Post by Andyjf » Fri Sep 14, 2018 8:40 pm

scrub wrote:
Fri Sep 14, 2018 12:15 pm

I understand what you mean about the memories but for me the happy memories I have are still there, although the bad memories definitely have a darker subtext to them now. There is definitely a part of me that feels slightly uneasy about having some fond recollections of my time given what I know now about what some kids went through. Maybe uneasy is not the right word, but unless there's one single word for "a feeling of anger/sadness/disappointment" it'll have to do.

Like a number of people, it's only recently that I've put a great deal of time and effort into thinking about/examining my time at CH. I've always said that for me it was a mixed bag, not the most wonderful time of my life but also not a living nightmare. I have some good memories and I have some quite bad ones too. It took me a little while to adjust to life outside of school but it hasn't (as far as I can tell) left any lingering psychic scars that have hampered me on my way through life. While I was never going to leave a bequest I've never seriously called for the dissolution of the place either.
Or to put all that in it a simpler way "sometimes maybe good, sometimes maybe sh*t", which is how most kids feel about school regardless of where they go.

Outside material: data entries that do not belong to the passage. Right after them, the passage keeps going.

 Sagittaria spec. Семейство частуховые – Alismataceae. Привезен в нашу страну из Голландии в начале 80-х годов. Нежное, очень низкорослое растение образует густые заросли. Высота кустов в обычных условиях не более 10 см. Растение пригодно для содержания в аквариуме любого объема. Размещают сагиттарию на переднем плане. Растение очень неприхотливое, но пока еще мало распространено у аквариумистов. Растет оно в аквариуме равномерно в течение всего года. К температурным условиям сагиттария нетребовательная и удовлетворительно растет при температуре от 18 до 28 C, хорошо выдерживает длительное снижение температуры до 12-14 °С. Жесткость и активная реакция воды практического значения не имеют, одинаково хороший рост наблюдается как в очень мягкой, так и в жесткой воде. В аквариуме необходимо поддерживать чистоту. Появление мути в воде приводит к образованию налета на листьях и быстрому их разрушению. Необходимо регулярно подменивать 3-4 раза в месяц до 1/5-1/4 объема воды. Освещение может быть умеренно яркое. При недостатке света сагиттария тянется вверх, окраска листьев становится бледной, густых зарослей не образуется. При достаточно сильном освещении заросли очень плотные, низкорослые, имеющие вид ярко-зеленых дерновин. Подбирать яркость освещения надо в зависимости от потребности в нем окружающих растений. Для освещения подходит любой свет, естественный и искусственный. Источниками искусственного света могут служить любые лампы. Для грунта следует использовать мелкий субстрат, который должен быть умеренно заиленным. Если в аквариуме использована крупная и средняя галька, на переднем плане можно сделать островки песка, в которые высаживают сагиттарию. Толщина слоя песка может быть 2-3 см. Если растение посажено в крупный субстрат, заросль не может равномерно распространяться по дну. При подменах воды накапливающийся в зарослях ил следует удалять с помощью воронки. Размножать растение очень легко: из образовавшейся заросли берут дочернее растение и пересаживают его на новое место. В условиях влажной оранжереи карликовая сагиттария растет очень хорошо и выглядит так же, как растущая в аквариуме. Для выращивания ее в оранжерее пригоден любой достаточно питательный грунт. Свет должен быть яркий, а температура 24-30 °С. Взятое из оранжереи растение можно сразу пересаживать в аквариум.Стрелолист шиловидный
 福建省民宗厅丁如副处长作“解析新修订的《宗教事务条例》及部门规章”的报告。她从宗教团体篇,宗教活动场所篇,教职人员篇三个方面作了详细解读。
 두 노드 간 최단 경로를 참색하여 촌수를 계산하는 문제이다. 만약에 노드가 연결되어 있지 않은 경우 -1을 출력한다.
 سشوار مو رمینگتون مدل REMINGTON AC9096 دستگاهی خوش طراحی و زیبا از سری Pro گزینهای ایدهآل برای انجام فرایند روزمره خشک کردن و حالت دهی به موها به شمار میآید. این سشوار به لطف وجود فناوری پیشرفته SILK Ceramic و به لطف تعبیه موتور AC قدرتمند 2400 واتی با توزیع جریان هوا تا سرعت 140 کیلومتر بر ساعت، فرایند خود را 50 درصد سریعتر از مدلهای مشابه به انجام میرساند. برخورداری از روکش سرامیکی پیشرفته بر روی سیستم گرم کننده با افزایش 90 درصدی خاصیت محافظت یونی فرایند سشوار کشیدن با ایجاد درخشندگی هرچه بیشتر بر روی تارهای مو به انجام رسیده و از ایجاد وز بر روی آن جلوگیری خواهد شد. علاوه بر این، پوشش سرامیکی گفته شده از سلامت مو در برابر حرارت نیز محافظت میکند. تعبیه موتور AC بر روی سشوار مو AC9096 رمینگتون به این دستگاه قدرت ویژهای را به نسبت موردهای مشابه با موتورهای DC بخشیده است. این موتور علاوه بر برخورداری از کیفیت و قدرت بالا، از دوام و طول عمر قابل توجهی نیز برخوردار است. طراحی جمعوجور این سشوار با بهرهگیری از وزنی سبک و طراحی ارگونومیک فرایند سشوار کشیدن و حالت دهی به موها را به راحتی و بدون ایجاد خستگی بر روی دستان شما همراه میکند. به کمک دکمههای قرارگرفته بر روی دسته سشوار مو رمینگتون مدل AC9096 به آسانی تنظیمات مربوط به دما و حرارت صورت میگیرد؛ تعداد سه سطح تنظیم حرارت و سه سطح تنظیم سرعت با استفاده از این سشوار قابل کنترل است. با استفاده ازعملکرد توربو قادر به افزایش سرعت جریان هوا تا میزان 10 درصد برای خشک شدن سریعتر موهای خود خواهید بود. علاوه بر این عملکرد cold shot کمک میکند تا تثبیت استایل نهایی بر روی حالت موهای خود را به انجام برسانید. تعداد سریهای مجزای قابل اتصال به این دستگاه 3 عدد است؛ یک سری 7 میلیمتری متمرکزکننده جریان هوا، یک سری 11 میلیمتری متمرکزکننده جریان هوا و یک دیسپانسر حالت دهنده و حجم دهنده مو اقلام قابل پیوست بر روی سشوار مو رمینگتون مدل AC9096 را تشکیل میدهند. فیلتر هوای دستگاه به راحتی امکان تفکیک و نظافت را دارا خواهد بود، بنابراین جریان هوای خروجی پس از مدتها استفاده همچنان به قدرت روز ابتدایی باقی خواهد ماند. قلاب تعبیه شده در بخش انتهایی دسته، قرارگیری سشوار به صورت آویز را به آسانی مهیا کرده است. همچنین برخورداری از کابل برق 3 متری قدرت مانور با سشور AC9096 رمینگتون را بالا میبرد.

The good memories I have are almost entirely of the friends I made and usually of us doing stupid (often drunken) things. Even before I knew anything about the abuse cases I didn't feel so kindly towards the institution itself or a number of the people who were in charge.
None of that has changed much.
That describes how I feel too.

One of the things I struggled with was never being able to get away from the school. I think that with social media how it is now, that's an experience that many pupils have wherever they go to school.

I pondered TMFs comment about non-foundationers living in a gilded cage. On the face of it it makes sense but in lots of ways I think it is actually the opposite; at least I got to be away from the school in the holidays.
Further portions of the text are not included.